Conflict of interest statement

The authors declare there are no competing interests.

Figures

Figure 1
Figure 1. Example pipeline depicting Complet+ usage.
Not all files required and produced by the MMseqs2 tools and Complet+ are depicted, merely the most prominent ones, for clarity. The pipeline depicted only includes one clusterupdate module use following the initial clustering with the cluster module, but the tests discussed later feature more successive increments with clusterupdate.
Figure 2
Figure 2. The Complet+ algorithm.
The alignment files contain additional data columns, including the one containing each alignment’s e-value (not depicted) that is used in the alignment sorting and filtering step.
Figure 3
Figure 3. Gephi visualization of the MMseqs2 search of the representative sequences.
Depicted are the reciprocal hits resulting from the sequence alignment.
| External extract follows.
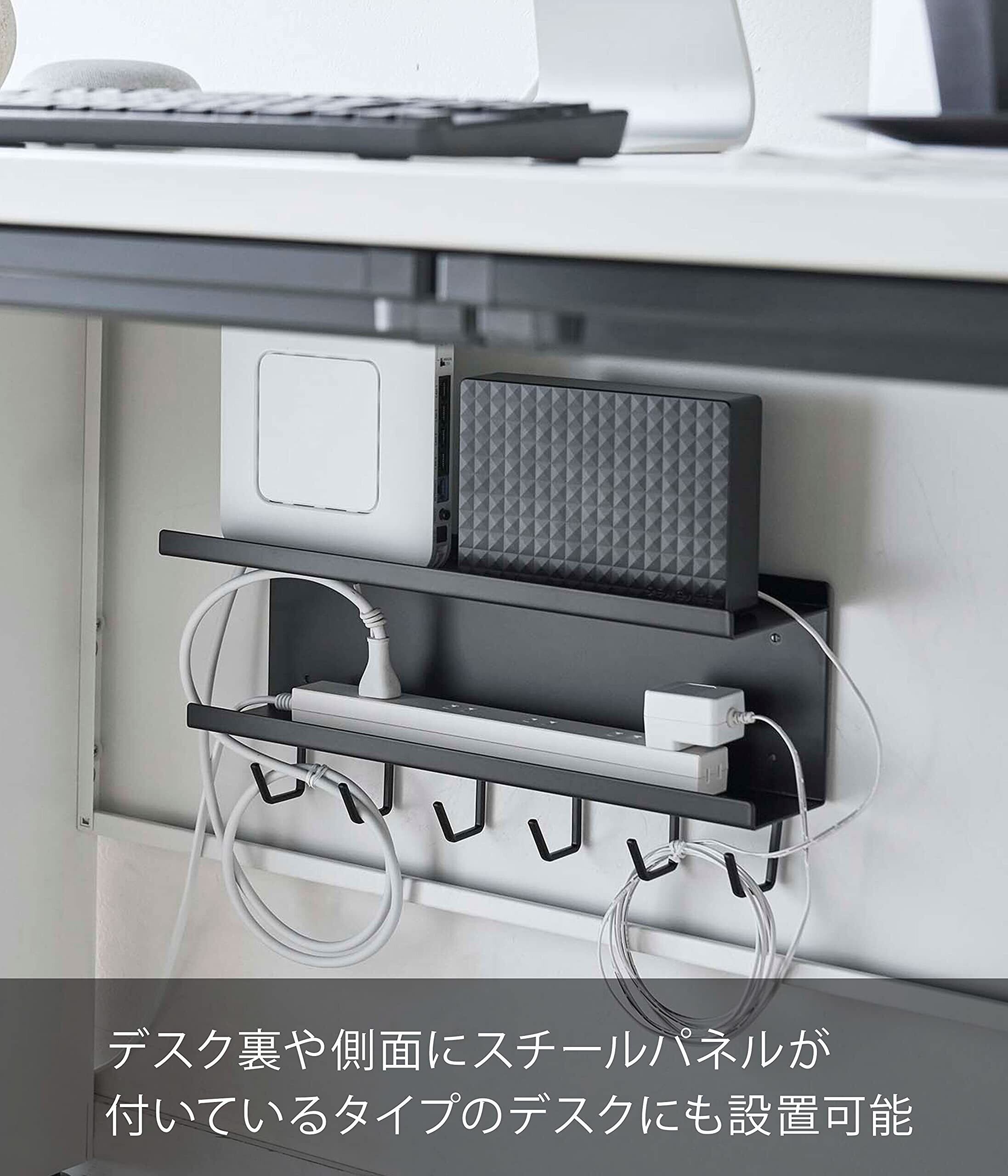 山崎実業(Yamazaki) マグネット ケーブル&ルーター収納ラック ブラック 約W40XD11XH18cm スマート 浮かせて収納 デットスペースを有効活用 5464

Each dot represents a representative sequence. Dots in close proximity indicate a reciprocal hit. Groups of close reciprocal hits are effectively clusters. Complet+ merges these clusters to improve completeness. Circled in red is one such cluster. Every representative sequence within this circle is a reciprocal hit to at least one other representative sequence in the circle. Complet+ merges these representative sequences, resulting in a single cluster Every single sequence in the image has a reciprocal hit; a dot that appears to be a single sequence is actually two or more dots on top of each other.
Figure 4
Figure 4. Number of clusters having one (singletons) through ten members for the MMSeqs single-step clustering before and after applying Complet+.
Figure 5
Figure 5. The homogeneity, completeness, AMI, and ARI of the single-batch tests.
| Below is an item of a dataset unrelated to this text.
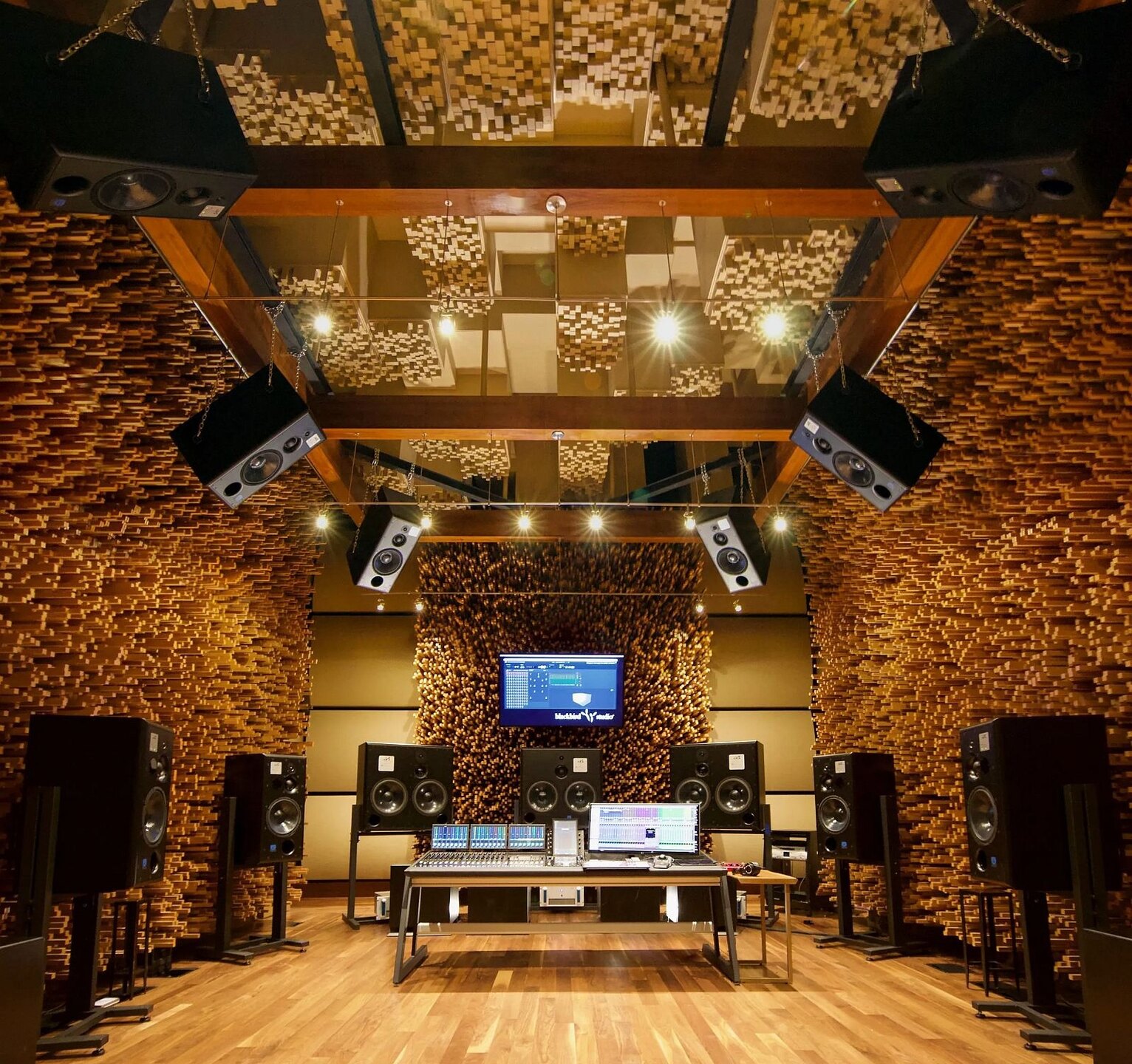 Speakers: Nubert nuVero 140 goldbraun, Yamaha HS7 weiß + HS8S, Nubert nuVero 60 weiß.

(A) All tests aside from “CD-HIT” use MMseqs2 the clustering module stated. The sensitivity specified in parentheses refers to the MMseqs2 search run by Complet+, not the clustering sensitivity, which was the default value of 4.0 where applicable. Overall, Complet+ substantially improves each test case’s completeness at little expense to homogeneity. The loss in homogeneity is more notable when evaluating the clustering results on the family-level of classification, however still to a lesser degree than the increase in completeness. Complet+ also improves the AMI and ARI of each clustering to varying degrees, having a generally greater improvement. (B) The two leftmost tests are Complet+ run at minimum, and maximum MMseqs2 search sensitivity, each on the same Default linclust test results. The two following tests are identical aside from one using the cluster-reassign setting. The last test is the Connected Component (CC) clustering method of MMSeqs2, run at the highest sensitivity. Like the results in (A), AMI and ARI are improved with each case while completeness is also improved without significant loss of homogeneity.
Figure 6
Figure 6. Homogeneity/Completeness scatterplots demonstrating base-algorithm + Complet+ vs. base algorithms (Default, Connected Component clustering both with highest sensitivity of 7.5).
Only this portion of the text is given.